____ RECORDS PROVIDED

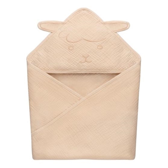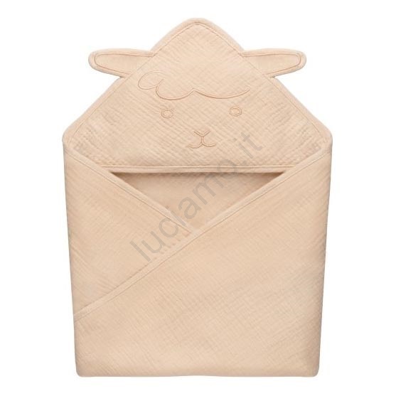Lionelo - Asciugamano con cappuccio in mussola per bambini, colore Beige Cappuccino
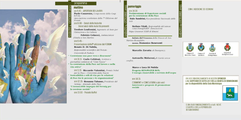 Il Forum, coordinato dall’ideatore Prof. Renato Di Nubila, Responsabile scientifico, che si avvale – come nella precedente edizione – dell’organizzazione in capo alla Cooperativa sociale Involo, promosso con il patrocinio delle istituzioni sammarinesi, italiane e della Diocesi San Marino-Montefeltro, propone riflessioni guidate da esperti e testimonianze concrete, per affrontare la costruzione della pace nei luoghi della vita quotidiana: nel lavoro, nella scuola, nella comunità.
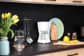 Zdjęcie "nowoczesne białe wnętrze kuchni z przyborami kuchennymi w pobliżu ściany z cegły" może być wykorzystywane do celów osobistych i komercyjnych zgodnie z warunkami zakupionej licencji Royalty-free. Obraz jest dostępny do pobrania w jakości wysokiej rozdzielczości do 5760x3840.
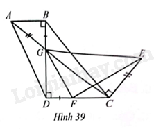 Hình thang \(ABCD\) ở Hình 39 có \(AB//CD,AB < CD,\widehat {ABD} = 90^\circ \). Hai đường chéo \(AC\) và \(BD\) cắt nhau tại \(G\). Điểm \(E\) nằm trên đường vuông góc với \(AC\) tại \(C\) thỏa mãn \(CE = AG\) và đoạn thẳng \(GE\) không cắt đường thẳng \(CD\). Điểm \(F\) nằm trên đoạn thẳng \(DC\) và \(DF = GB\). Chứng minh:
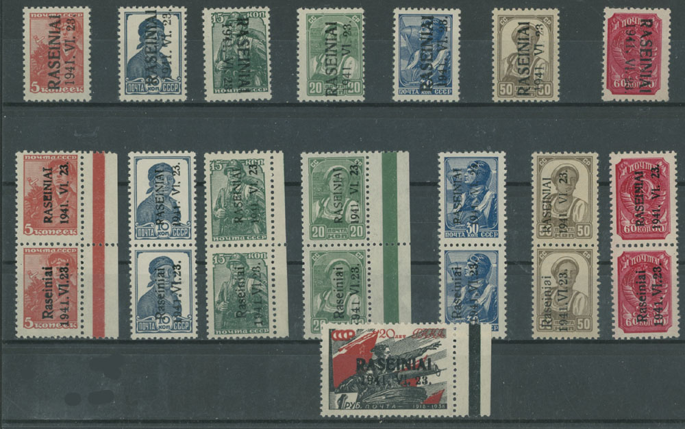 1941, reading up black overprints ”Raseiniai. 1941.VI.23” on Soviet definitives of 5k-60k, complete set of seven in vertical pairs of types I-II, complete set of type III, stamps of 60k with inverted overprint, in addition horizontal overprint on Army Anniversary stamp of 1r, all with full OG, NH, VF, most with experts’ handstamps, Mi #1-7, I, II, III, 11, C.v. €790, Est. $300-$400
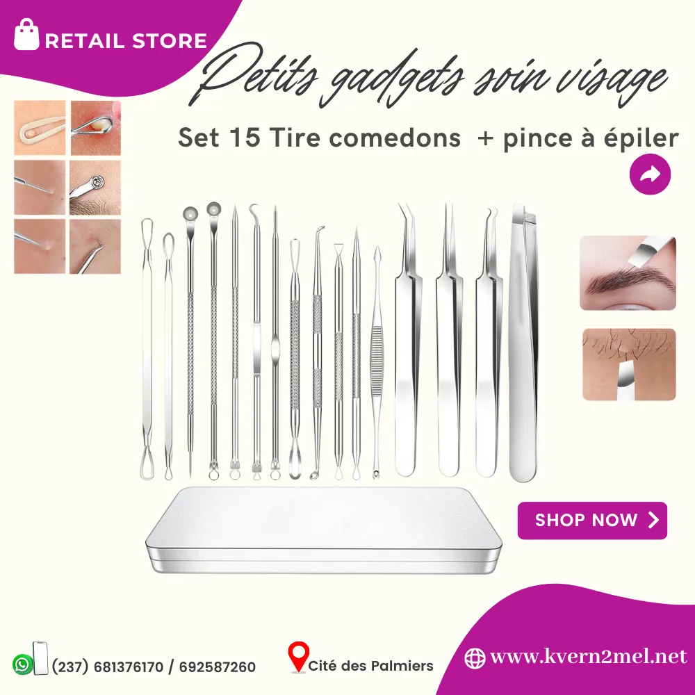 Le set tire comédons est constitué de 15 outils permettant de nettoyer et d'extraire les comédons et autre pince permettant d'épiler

________

Above are some records. Output exactly the lines from the one that contains "rozdzielczości do 5760x3840." to the one that contains "Hình thang \(ABCD\)", keeping both, and omit the pictures.

 Zdjęcie "nowoczesne białe wnętrze kuchni z przyborami kuchennymi w pobliżu ściany z cegły" może być wykorzystywane do celów osobistych i komercyjnych zgodnie z warunkami zakupionej licencji Royalty-free. Obraz jest dostępny do pobrania w jakości wysokiej rozdzielczości do 5760x3840.
 Hình thang \(ABCD\) ở Hình 39 có \(AB//CD,AB < CD,\widehat {ABD} = 90^\circ \). Hai đường chéo \(AC\) và \(BD\) cắt nhau tại \(G\). Điểm \(E\) nằm trên đường vuông góc với \(AC\) tại \(C\) thỏa mãn \(CE = AG\) và đoạn thẳng \(GE\) không cắt đường thẳng \(CD\). Điểm \(F\) nằm trên đoạn thẳng \(DC\) và \(DF = GB\). Chứng minh:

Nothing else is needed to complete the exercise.